# Teilnehmer für Studie über Avatare gesucht mit tollen Preisen von Blizzard und Nintendo!



## StudiNelli (13. Juli 2017)

*Teilnehmer für Studie über Avatare gesucht mit tollen Preisen von Blizzard und Nintendo!*

Liebe Gamer-Community,

mit meiner M.A. Forschungsgruppe des Studienganges Kinder- und Jugendmedien unter der Leitung von Dr. Claudia Wilhelm an der Universität Erfurt führen wir eine Befragung durch. 
Mit dieser Studie möchten wir mehr über die Bedeutung von Avataren in Computerspielen herausfinden. Dabei sind wir allein an eurer Meinung interessiert - richtige oder falsche Antworten gibt es nicht. 

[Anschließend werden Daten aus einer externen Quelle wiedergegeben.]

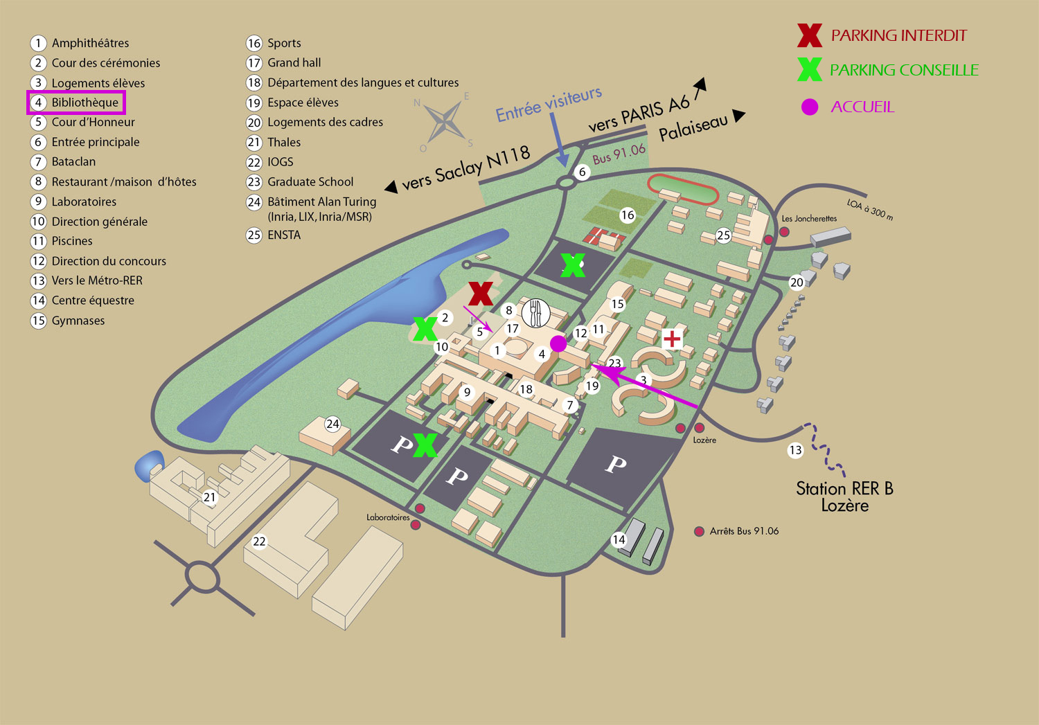 - If you come by bus from Massy-Palaiseau (buses 91.10 or 91.06B or 91.06C, NOT 91.06A or D!), please stop at "Lozere".
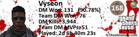 [URL=http://GTAonlinestats.com/showplayer/Vyseon][IMG]http://GTAonlinestats.com/dmsignature/Vyseon/sig.png[/IMG][/URL]
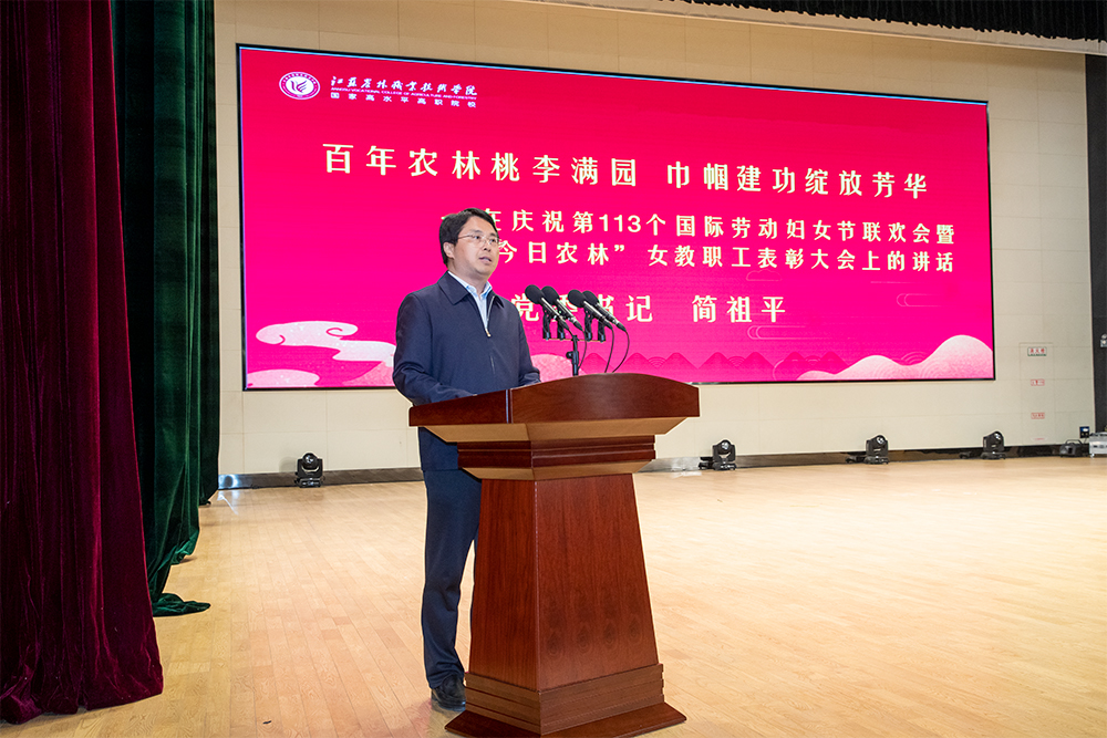 党委书记简祖平向全体女教职工送上节日祝福,并以“百年农林桃李满园,巾帼建功绽放芳华” 为题发表了热情洋溢的讲话。他指出,“百年农林风华茂,巾帼建功谱新篇” ,各位女教职工们对初心的坚定传承,让百年农林赓续血脉,践行使命;对事业的全心投入,让百年农林阔步前行,风华正茂;对生活的无比热爱,让百年农林收获感动,凝聚力量。在“两个一百年”的历史交汇点上,在百年农林的关键节点上,学院总结过去、砥砺前行、赢得未来的大格局和大战略,是我们努力创建职业本科院校的“新征程”,也是我们正在努力建设中国农业职业教育领军学校的“农林梦”。在这场百年农林的接续奋斗中,你们必将绽放出独属于农林巾帼的绚烂荣光。

Jetzt der Hammer: Wir konnten Nintendo und Blizzard als Sponsoren für ein Gewinnspiel gewinnen und verlosen unter allen Teilnehmern tolle Preise:

Für die Teilnehmenden, die den Fragebogen vollständig ausfüllen, gibt es die Möglichkeit an einem Gewinnspiel teilzunehmen. 
Zu gewinnen gibt es Zelda T-Shirts,  limitierte Zelda-Schlüsselanhaenger, Nintendo 3DS-Titel (Yo-Kai Watch/ Tomodachi Life / Metroid Federation Force), Amiibo-Figuren, Overwatch T-Shirts Tracer und kleine Überraschungen von Nintendo (Mehr Informationen dazu folgen am Ende des Fragebogens).

Wenn ihr Fragen oder Anmerkungen habt, könnt ihr diese gerne hier in den Thread reinschreiben.
Wir freuen uns sehr Über eure Unterstützung!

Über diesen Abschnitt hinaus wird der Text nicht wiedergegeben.